Wer ich auch bin, Du kennst mich, Dein bin ich, o Gott!

Dietrich Bonhoeffer

 

Anschließend wurde jedem eine Perle gegeben, die die Seele eines Menschen symbolisiert, da Perlen im inneren von Muscheln verborgen sind, genauso wie die Seele in einem Menschen. Danach haben wir in vier kleineren Gruppen über die Selbstfindung gesprochen. Nach der Mittagspause, die wir mit gemeinsamen Aktivitäten, wie Tischtennis spielen und Kickern verbracht haben, wurde in den Kleingruppen bearbeitet, welche Fragen wir Gott stellen würden, und was wir ihm sagen würden, wenn wir ihn träfen. Die Ergebnisse wurden dann den anderen Gruppen vorgestellt.

In der Bibel werden viele Namen für Gott genannt. Jeder sollte sich aus 36 verschiedenen Namen die zehn aussuchen, die ihm persönlich am Wichtigsten erscheinen. Die Namen beschreiben Eigenschaften, wie zum Beispiel „Beschützer“ und „Allmächtiger“. Anschließend haben wir dem Rest der Gruppe erklärt, wieso uns die Eigenschaften, die wir gewählt haben, wichtig erscheinen. Darauffolgend haben wir zusammen erarbeitet, welche fünf Namen der gesamten Gruppe wichtig erscheinen.

Am Sonntagmorgen haben wir den anderen Gruppen die Ergebnisse der letzten Gruppenarbeit vorgestellt.

Zum Abschluss haben wir gemeinsam Gottesdienst gefeiert.
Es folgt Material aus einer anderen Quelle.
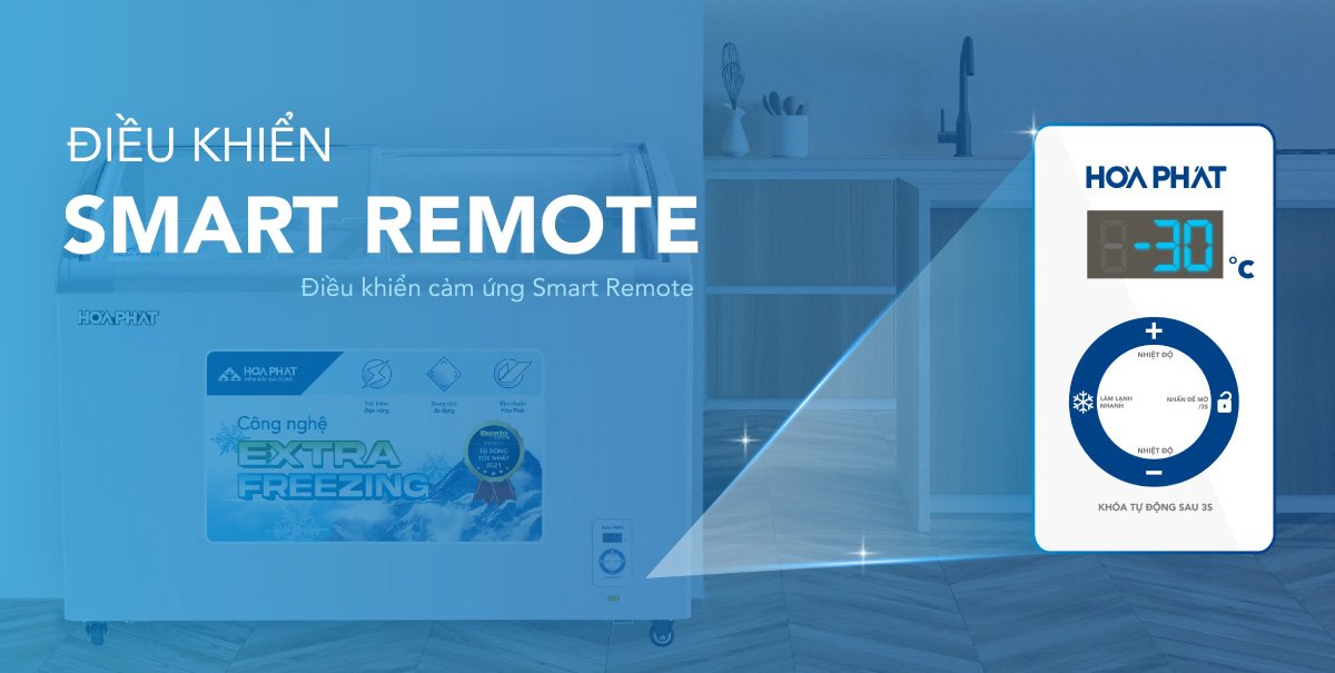 Bảng điều khiển Smart Remote của tủ đông Hòa Phát HSF AD6357.C1 được bố trí ngay bên ngoài, nhằm thuận tiện hơn cho người dùng khi thao tác cài đặt. Nhiệt độ được hiển thị rõ ràng ngay trên mặt điều khiển giúp người dùng dễ dàng theo dõi và quan sát hơn. Đồng thời Smart Remote còn có thể phát hiện lỗi và đưa ra tín hiệu cảnh báo khi tủ bị mất hơi lạnh. Điều này giúp người dùng nhận biết vấn đề và kịp thời khắc phục để tránh ảnh hưởng đến chất lượng thực phẩm bên trong.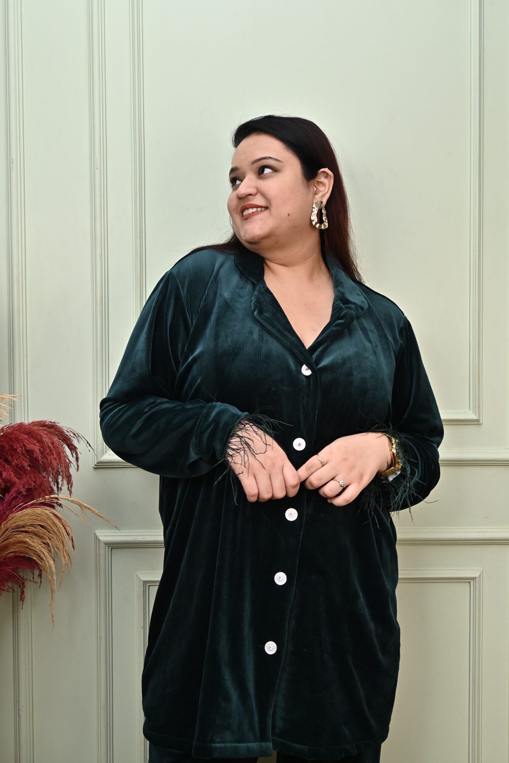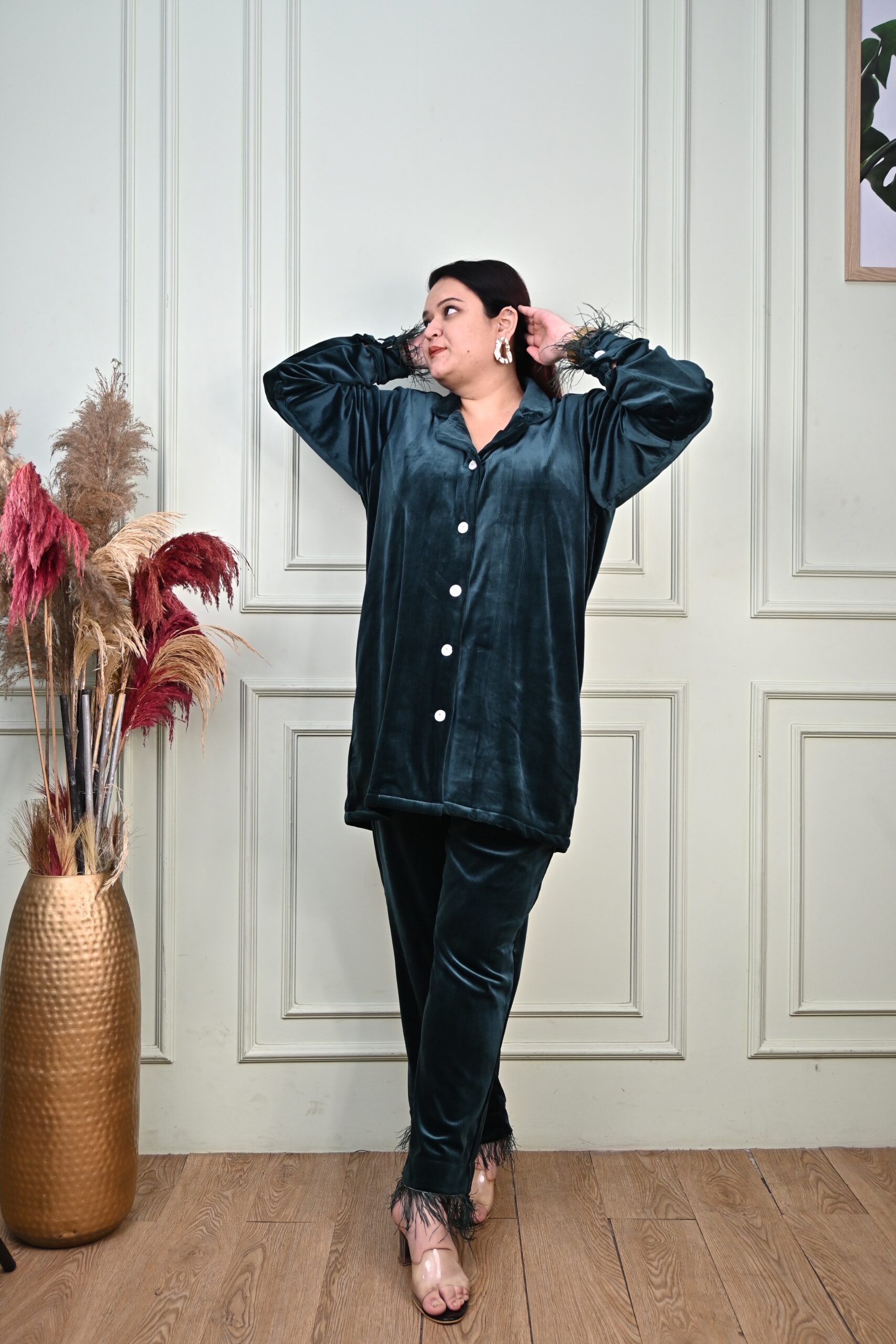 Elevate your loungewear game with the Luxe Feather Lounge Set, designed for those who love effortless glamour. Made from ultra-soft velvet, this set features a relaxed button-down shirt with a classic collar, paired with matching straight-leg pants. Delicate feather detailing at the cuffs and hem adds a playful, sophisticated touch, making it perfect for stylish nights in or chic casual outings. Whether you’re unwinding at home or stepping out in relaxed elegance, this set ensures you do it in style.

Das Evangelium handelte davon, wie Jesus Petrus zu einem „Menschenfischer“ macht. Jesus bringt Petrus dazu, obwohl dieser an jenem Tag keine Fische gefangen hatte, noch einmal auf den auf den See zu fahren, um zu fischen. Wider Erwarten fangen sie viel. Anschließend hält Jesus eine Predigt vom Fischerboot. 

» Jesus stieg in das Boot, das dem Simon gehörte, und bat ihn, ein Stück weit vom Land wegzufahren. Dann setzte er sich und lehrte das Volk vom Boot aus. Als er seine Rede beendet hatte, sagte er zu Simon: Fahr hinaus auf den See! Dort werft eure Netze zum Fang aus! « 

Lk 5,3-4

Nach unserem Gottesdienst folgten das Mittagessen und die Rückreise nach Kassel. Das Firmwochenende war eine schöne Zeit. Ich habe neue Kontakte geknüpft und Erfahrungen gesammelt.

Julius Striegel

(noch) 13 Jahre

Wir Firmlinge waren in Häusern mit je 3 Zimmern für jeweils 2-3 Personen untergebracht. In verschiedenen Arbeitsgruppen habe ich einige nette Leute kennengelernt, auch das gefiel mir gut.

Der Gesprächskreis "Wie stelle ich mir Gott vor" hat mich besonders interessiert; dass wir ein Firmbuch ausgeteilt bekamen, welches wir selbst gestalten können und mit Texten und Bildern füllen, findet auch mein Interesse. Übrigens fanden wir alle gut, dass wir auch mal einkaufen gehen durften. Das alles machte das Wochenende lohnend.

Johannes

14 Jahre

Für mich begann das Firmenwochenende an einem verregnetem, kaltem Freitag am Busbahnhof. Ich stand ein bisschen verloren neben einer Gruppe voller fremder Menschen. Anders als die meisten, kannte ich eigentlich keinen aus dieser Gruppe. Im allgemeinem war ich sehr skeptisch gegenüber diesem Wochenende; ich dachte an eine Menge zähen Religionsunterricht und Leute die sich untereinander alle schon kannten. Zum Glück hat mich ein Mädchen angesprochen, das schon beim allererstem Vorbereitungstreffen genauso hilflos neben den festen Grüppchen stand wie ich und sich schon damals zu mir gestellt hat.  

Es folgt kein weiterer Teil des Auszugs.